Umesh G Lalloo talk

Political instability interrupts treatment, facilitates disease spread e.g. strikes in South Africa, post election violence in Kenya, refugees from Syria.
Paradoxical IRIS-like reactions in HIV-negative TB patients.
Why can we not shorten the course of treatment despite the best drugs?
Why do some people not get sick despite similar exposure?

Focus on TB in HIV patients in South Africa research may be confounding picture of disease in immunocompetent patients.
Ultra short course phase 3 failure- was based on phase 2 results but phase 2 was underpowered.
Primate models may be more relevant than mouse.
Protection vs exposure- he has not gotten TB but several of his colleagues has. Healthcare workers may be a good cohort to study.
Diagnostic solutions: giant pouched rat (he misspoke as mouse)
Worst case scenario: may have to reopen sanatoria in the absence of effective drugs.

Q&A:
INH prophylaxis lead to resistance?
Ans: if you put a huge cohort of HIV positive patients on prophylaxis, the benefit may outweigh the risk.
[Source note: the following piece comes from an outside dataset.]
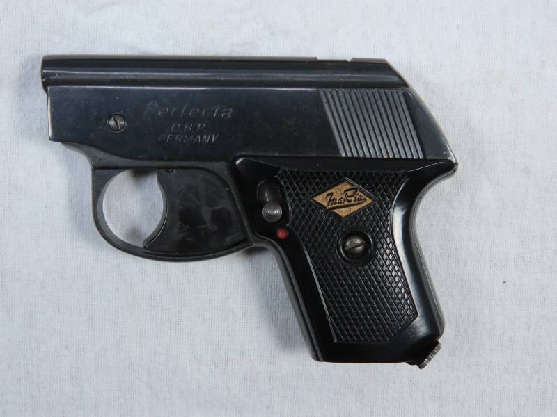 Schreckschusspistole Perfecta Mod. G- Kal 6mm. Nachkriegs-Schreckschuss / Gaspistole ohne PTB Erwerbscheinpflichtig. Gebrauchter Zustand mit Gebrauchsspuren und Zubehör siehe Bilder. Verkauf nur an EWB.

GeneXpert does not detect INH resistance, is this a problem?

do you know of any plans to introduce UV in South Africa?
Problem is that it requires good engineering to implement effectively- if not, ineffective, UV burns, etc.
However it could help in combination with other measures e.g. masks. Church of Scotland Hospital study.
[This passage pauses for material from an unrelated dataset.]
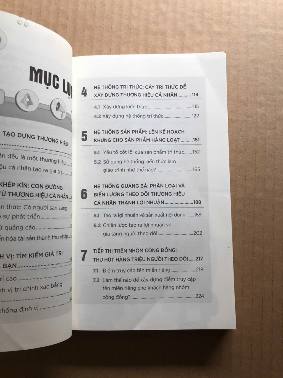 - Chương 7 và chương 8 giới thiệu hai phương pháp cơ bản và hữu dụng nhất để truyền bá và kiếm tiền từ thương hiệu cá nhân, đồng thời chia sẻ và phân tích một cách tỉ mỉ – marketing cộng đồng và tạo dựng ma trận số cá nhân. Mục đích của cuốn sách nhằm giúp độc giả dễ dàng nắm bắt kỹ năng và lập tức có thể chuyển đổi thành tài sản. Đây là sự khích lệ lớn nhất đối với bản thân, cũng là động lực lớn nhất để tiếp tục học tập.

What is the fundamental problem of TB in South Africa?
It’s behaviour because we have worse TB rates than poorer African countries like Tanzania.
I am using behaviour in a broad sense – we are doing something wrong. Need to discuss with politicians.

What do u think is the “real” number of people latently infected?
There has not been enough evidence eg strong postmortem study to recover AFB from tissue.

Do u think us in Durban and KZN have some difference from rest of country?
Rest of country is not doing so well either! CPT produces a huge number of TB cases.